By far the most significant indication of the White House commitment to an early attack on Iraq is the planned transfer in November of Gen. Tommy Franks and up to 600 senior officers from the Central Command (Centcom), now based at MacDill Air Force Base in Tampa, Florida, to the new US combat command center at Al Udeid air base in Doha, Qatar. Although described by Pentagon officials as part of a training exercise, the transfer is viewed by many observers as a precursor to the initiation of combat, as the officers involved are responsible for the management of all US forces in the region. To put this in historical perspective, the transfer of Gen. Norman Schwarzkopf--one of Franks's predecessors as commander in chief of Centcom--to Saudi Arabia in 1990 signaled the imminent onset of Operation Desert Storm.

Once the President gives the go-ahead for the actual invasion, US forces will follow a script that has been crafted by General Franks in consultation with Secretary Rumsfeld, Deputy Defense Secretary Paul Wolfowitz and other Pentagon officials. In all probability, the White House has already selected the code name for this engagement, possibly an allusion to Operations Desert Shield and Desert Storm. Not knowing the chosen name, we'll dub it "Operation Desert Cyclone," which suggests the importance of speed and shock effect in the Pentagon's invasion plan.

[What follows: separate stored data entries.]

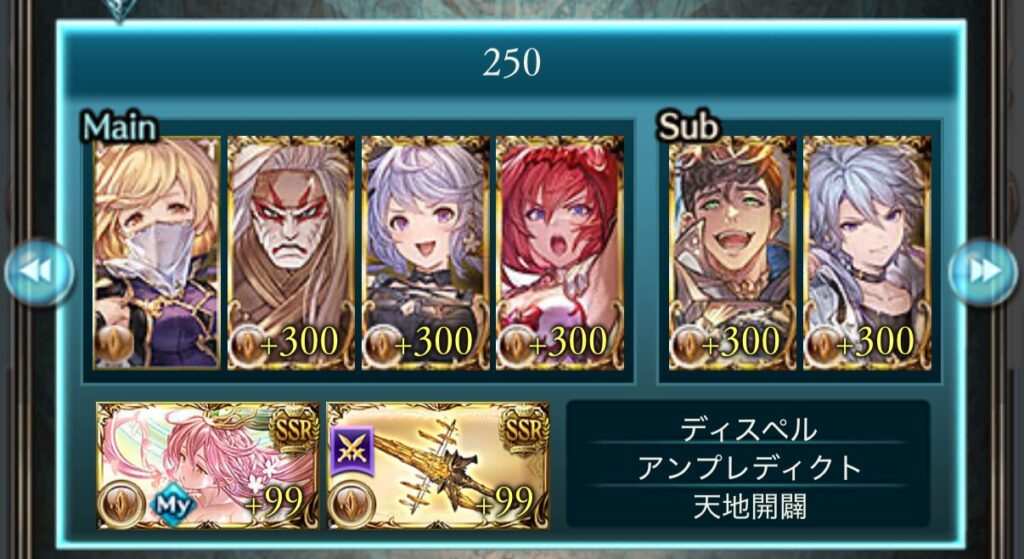 250HLの編成は200HLの編成とほぼ同じですね。EX編成になって装備の枠が増えた分いくつか装備を増やした程度で、キャラなんかは全く一緒です。なんだかんだこの編成が安定していたんでしょうね。完全フルオートで完走できたかどうかは覚えてませんが。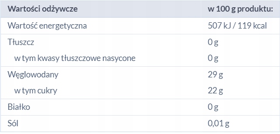 Состав: клюква (49%), вода, сахар, загуститель: Е1422, сироп глюкозно-фруктозный, концентрат черной моркови, регулятор кислотности: лимонная кислота, антиоксидант: аскорбиновая кислота, ароматизатор клюквенный
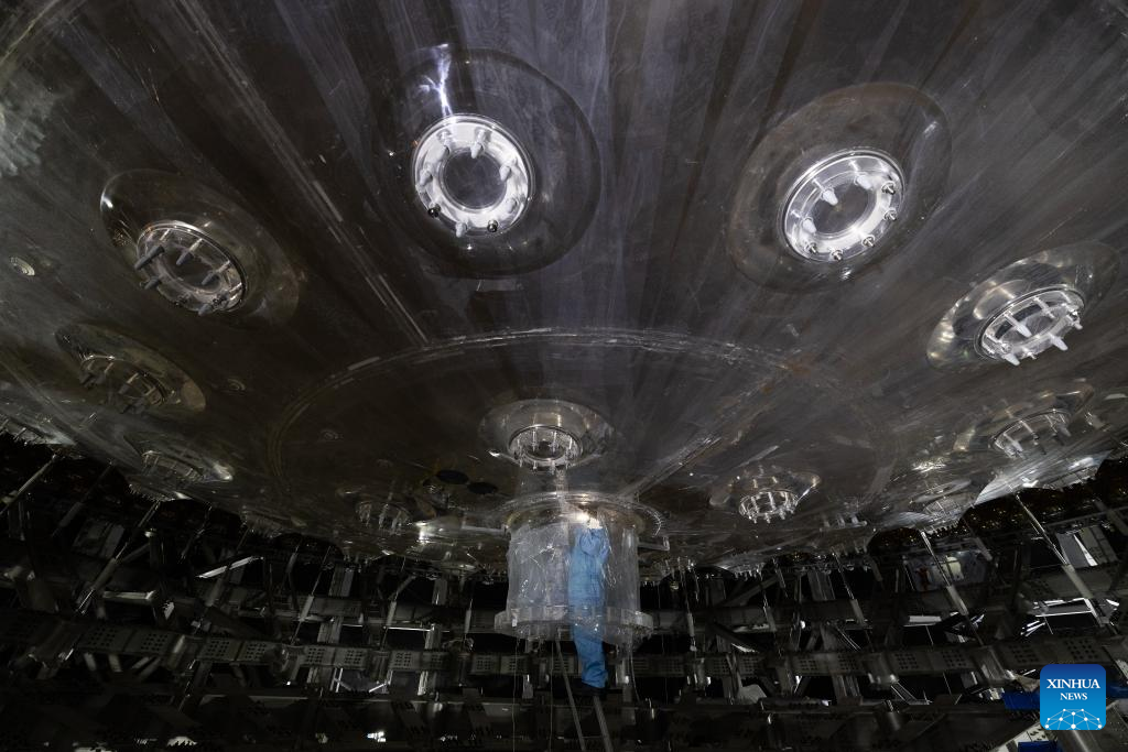 A staff member works beside the water tank of the central detector of the Jiangmen Underground Neutrino Observatory (JUNO) in Jiangmen, south China's Guangdong Province, Oct. 9, 2024. China has constructed the world's largest transparent spherical detector 700 meters underground to capture elusive neutrinos, often dubbed "ghost particles," to unravel the secrets of the infinitesimally small and the infinitely vast in the universe. (Xinhua/Jin Liwang)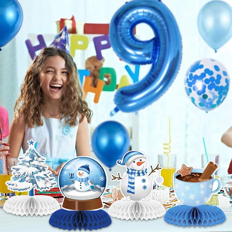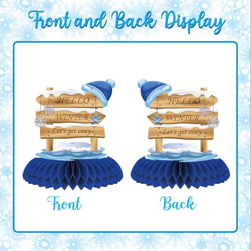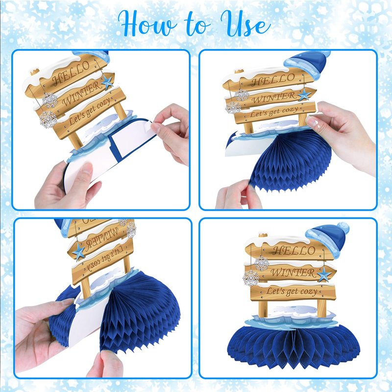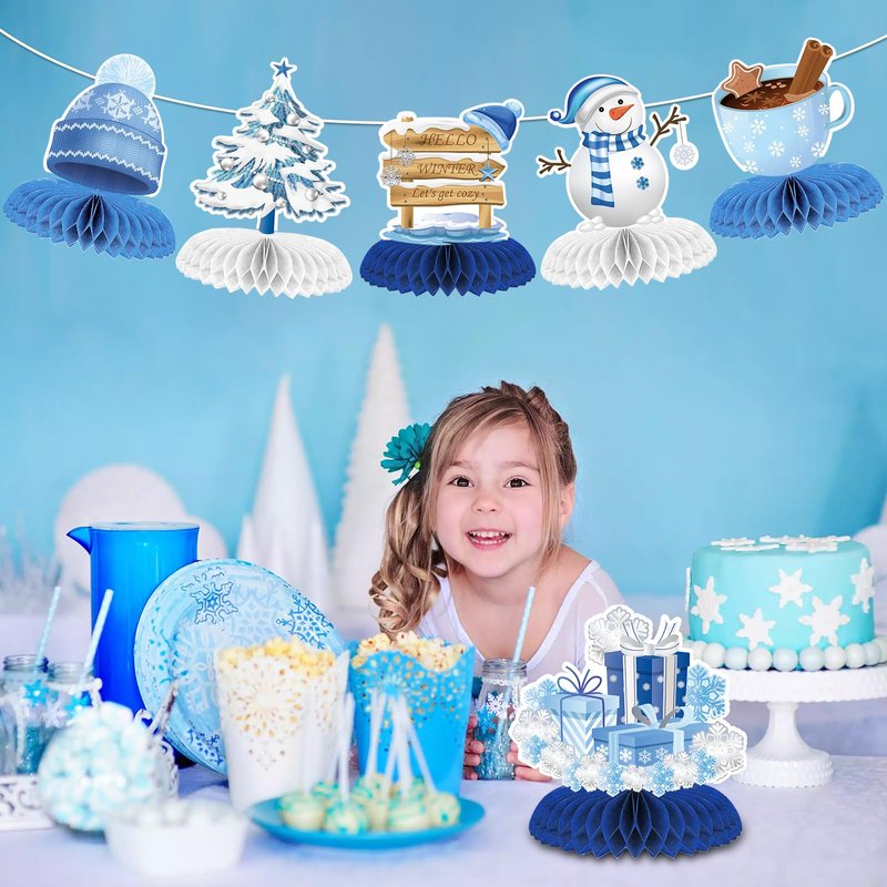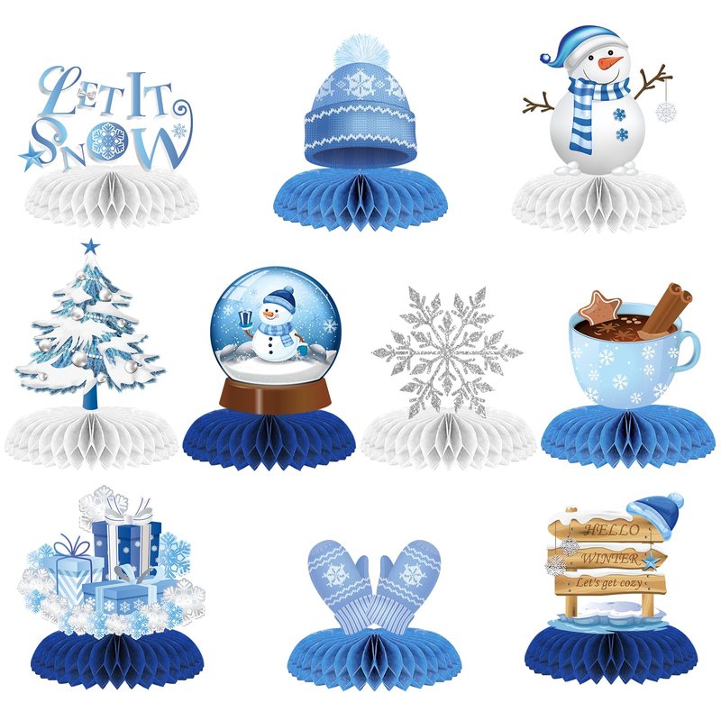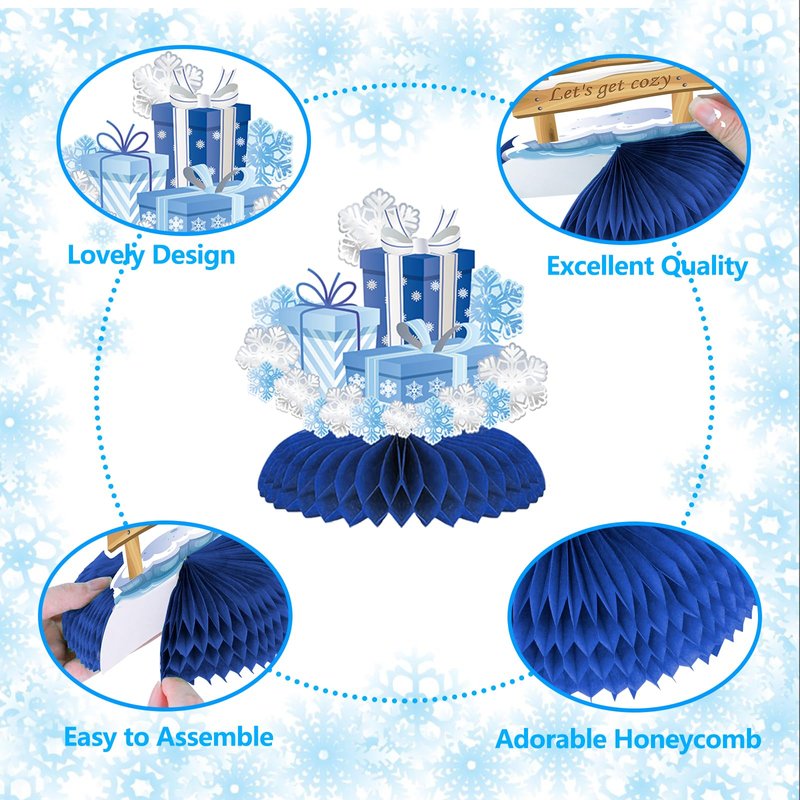 - 『Winter Theme Design』These snowflake honeycomb table centerpieces are brightly colored and are made up of classic winter elements including christmas tree, snowman, winter hat, gloves, crystal ball and more to grab people's attention at winter or Christmas parties.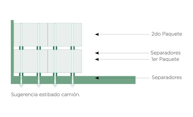 Para asegurar el estibado de carga, se recomienda no colocar más de 2 paquetes en la altura y en lo posible, en forma transversal al eje longitudinal del camión. En el amarre, se debe utilizar el número adecuado de tensores o cuerdas, cuidando que los paquetes queden alineados.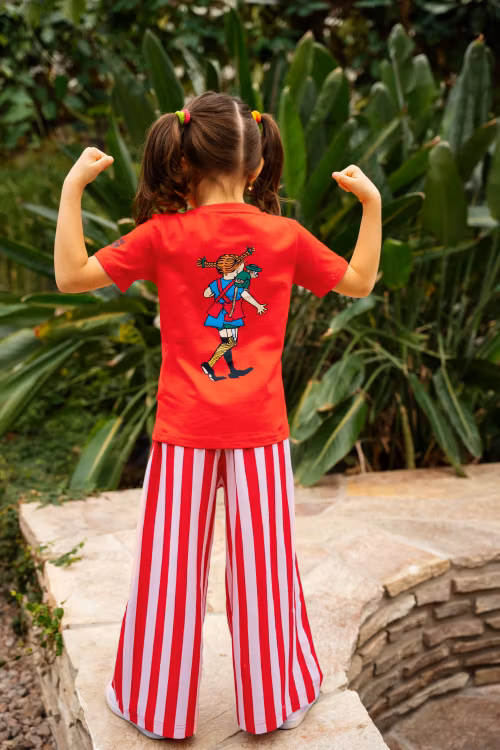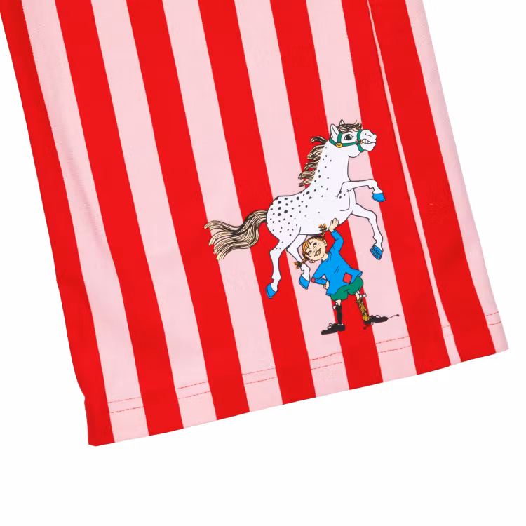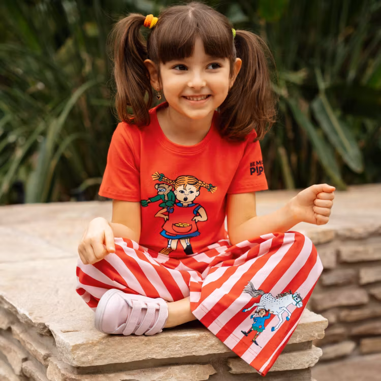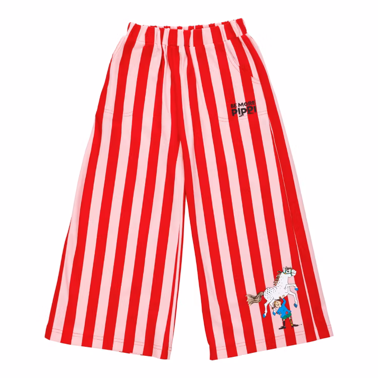 En mjuk och mysig Pippi byxa för barn. Med raka och breda ben, fickor, infälld resår i midjan och Pippi-tryck på ena benet. Produkten innehåller certifierad ekologisk bomull.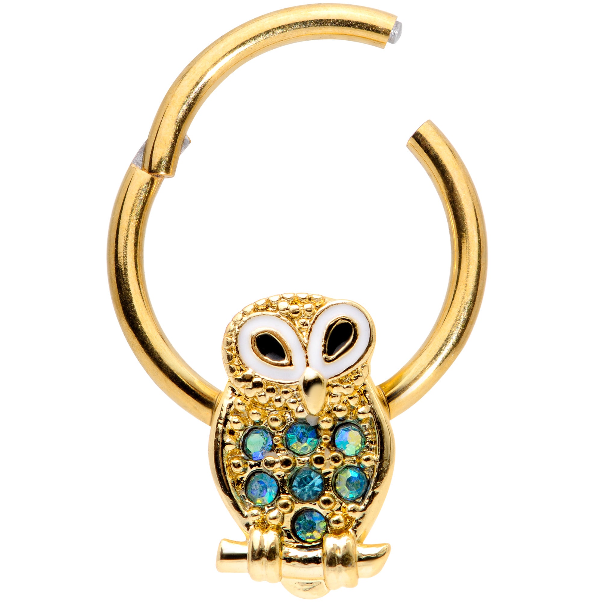 Hooooooo.......could possibly resist this charming little owl? This 16 gauge cartilage earring is made with a 10mm gold tone PVD over 316L surgical grade stainless steel hinged circular ring. It features our sweet little feathered friend, set with aqua blue gems all down its body. This septum ring features a hinged non-removable segment for easy insertion and removal. You'll love this feature because it works in so many piercings including cartilage piercings like the tragus, rook, helix, and daith, and even your septum! Now THAT is something to give a hoot about!

Once commenced, Operation Desert Cyclone will probably take the following form:

Phase I: All-out air attacks on Iraqi air-defense sites, military and police headquarters, communications links, suspected WMD production centers and Saddam Hussein's palaces and command centers in Baghdad. Attacks will also be conducted on installations used by the Republican Guards and the special security units that protect government leaders, along with the city of Tikrit--Hussein's major political power base. The aim of these attacks will be, first, to give the United States uncontested control of the airspace over Iraq; second, to destroy Hussein's capacity to communicate with his commanders in the field (especially those responsible for the use of WMD munitions); and, third, to demonstrate the futility of resistance to the US assault.

To conduct these attacks, the Pentagon will rely on long-range bombers based in the United States, England and the British-controlled island of Diego Garcia in the Indian Ocean. Once Iraq's air-defense system is thoroughly destroyed, the Pentagon will also make use of tactical aircraft based on US aircraft carriers in the Persian Gulf, the Arabian Sea and the Mediterranean, and at bases in Kuwait, Qatar, Oman, the United Arab Emirates and Turkey. (Saudi Arabia may or may not allow the use of Prince Sultan Air Base, located near Riyadh.)

Phase II: Airborne and helicopter assaults by US Special Operations Forces and commando units on suspected WMD sites and missile-launch facilities, on key command-and-control centers in Baghdad and other cities, and on Saddam Hussein's own operational headquarters (if its location can be determined). The units involved in these missions will operate from forward bases in Kuwait, southeastern Turkey and (possibly) eastern Jordan.

Phase II will also include armed uprisings by Kurdish militias in the north and Shiite rebels in the south. These uprisings will be supported and directed by CIA and Special Forces personnel, and backed up by allied combat aircraft. Their goal will be to pin down Iraqi troops in outlying areas so as to prevent the reinforcement of units guarding Baghdad.

Phase III: A high-speed armored assault on key military and government facilities in and around Baghdad. The US forces involved--mostly Army and Marine units based in Kuwait--will seek to avoid head-on clashes with any regular Iraqi forces in their path and try to circle around them, using their superior speed and mobility to reach Baghdad without taking significant casualties. Upon arriving at the outskirts of the capital, these units will "marry up" with airborne and Special Forces units already in the city to complete the assault on Iraqi military headquarters, Republican Guard facilities and other props of the regime.